Using NED to Search for Extragalactic Objects

(Latest Revision: 28 October 2009)

Find Redshift-Independent Distances by Object Name

This page allows you to search NED's list of redshift-independent distances by object name. NED's name interpreter recognizes most of the well-known prefixed names used in the literature (e.g. NGC 224, IRAS F00400+4059, 1ES 0039+409). NED Standard Names has more information on NED's naming conventions.

Data Entry

Type the name of the object you wish to search for in the "Object name:" box. The NED interface allows substantial freedom in formats and conventions for names, so type the name in any format you wish. When you submit your search, NED's name interpreter will attempt to translate your input into a name that NED recognizes.

If it cannot interpret the name you typed, a page will appear with a message explaining the most likely problem with your input.

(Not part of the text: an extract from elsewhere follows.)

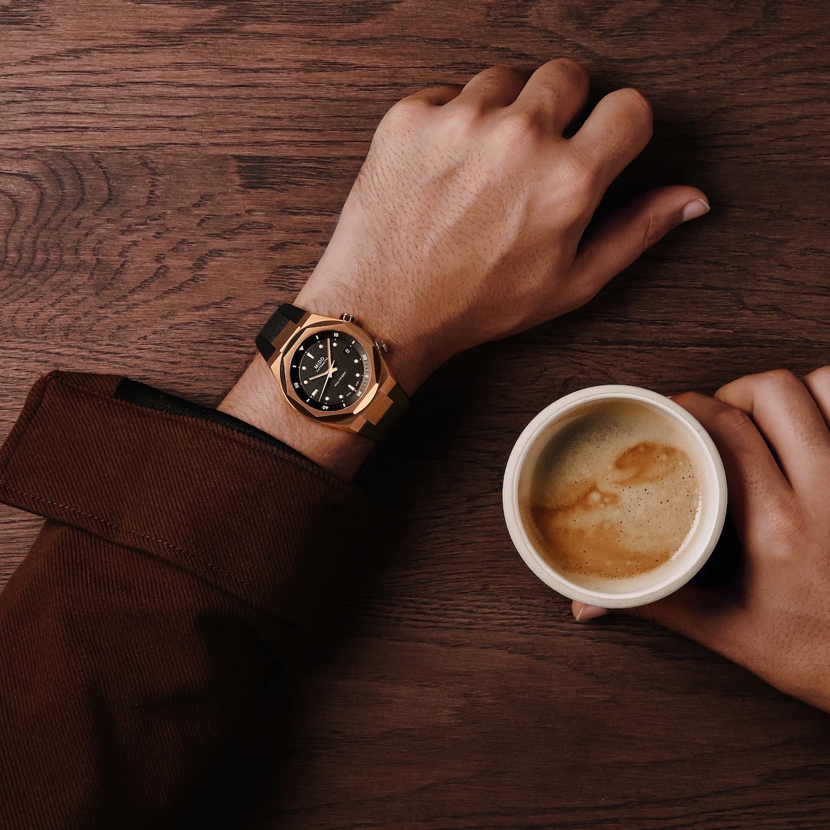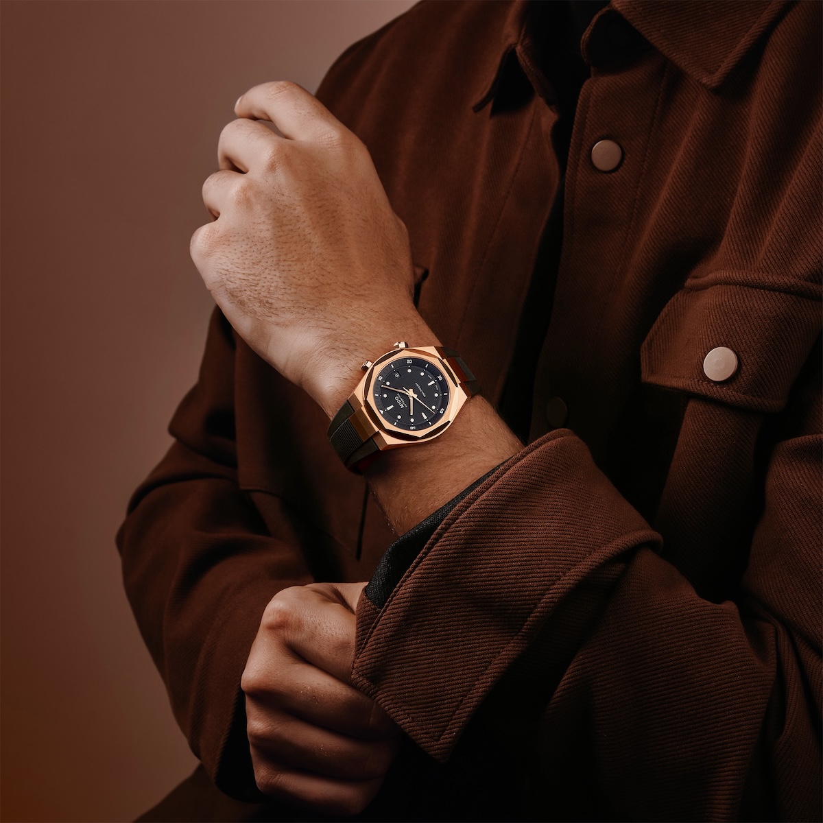 在Multifort 8 Two Crowns 以玫瑰金色調展現出一份內斂的華麗。標誌性的八角形設計與立體切面,不僅強化了視覺深度,更賦予腕錶一種剛勁有力的現代風格。這款腕錶巧妙地將功能區分,透過雙錶冠配置讓操作回歸直覺,展現瑞士製錶的細膩思維。立體針標的層次與夜光性能,讓這款腕錶無論是在燈火闌珊的聚會或是商務場合,都能以沉穩之姿,成為您腕間最亮眼的犒賞勳章。

These usually fall into three categories. In all three cases, click your browser's "Back" button to go back to the search page, and enter another object name.

(1) If the name you entered has an acceptable catalog name, but the object number within the catalog is not within the range of numbers for that catalog, the page will tell you this. An example is "M111"; there are only 110 entries in the Messier catalog.

(2) If the catalog name itself is ambiguous, the page will list the acceptable possibilities. An example is "A123"; this could be "Abell 123", "Arakelian 123", "Arp 123", "Asiago1 023", or "[RC1] A1203".

(3) If the name interpreter does not recognize the catalog, the page will sometimes suggest alternative catalogs, sometimes not. In either case, click the "Back" button and try another name.


When a search has completed successfully, the interface opens a new page with the object's name and all redshift-independent distances that NED currently has available for the object. The help page available there has more information about the data returned by your search.

NED Standard Names

Object names are separated into catalog identifier and member identifier. The name interpreter checks the catalog identifier to certify that it points uniquely to a catalog recognized by the database. The name interpreter then checks the member identifier to certify that it corresponds to the conventions of the catalog identified (e.g. is it a sequential number, or a combination of numbers and letters, etc?), and that it does not exceed certain limits (e.g. the number of objects in catalog). The left hand column of the following table contains examples of input names recognized by the interpreter. The right hand column shows the NED standard formats.
n33 NGC 0033
U 12 UGC 00012
mk1000 MRK 1000
M 3-4-5 MCG +03-04-005
ZW23.1 CGCG 023-001
1zw23 I Zw 023
PKS0350+23 PKS 0350+23
4C23.7 4C +23.07

Names with square bracket prefixes (e.g. "[HB89]" and "[WB92]") usually come from papers published in journals, while those names with unbracketed prefixes (e.g. "NGC" and "IRAS") usually come from separately published catalogs. There are exceptions, however; examples include "[RC2]" and "87GB". Some names have combination prefixes (e.g. "87GB[BWE91]" and "ABELL 400:[D80]").

Objects in multiple systems without existing unique names are formed by the name of the system itself followed by "NEDnn", where "nn" is a decimal number starting with "01" (example: "ARP 294 NED01" and "ARP 294 NED02"). Similarly, objects found only in catalog notes are given names beginning with the name of the cataloged object followed by "NOTESnn" (example: "UGC 01562 NOTES01" and "UGC 01562 NOTES02"). Sources named in non-optical catalogs or lists, which are later found to be coincident with galaxies but which are not renamed, have "ID" appended to their original names (example: "IRAS 04356+3412 ID"). In this case, the Preferred Object Type is also changed to "Galaxy".

Note that recognition by the interface of the nomenclature used for the object name does not guarantee that the name exists in the Database. This recognition signals that at present parts of the catalog are in the Database, and that the intent is to eventually include at least the extragalactic portion of that catalog in NED.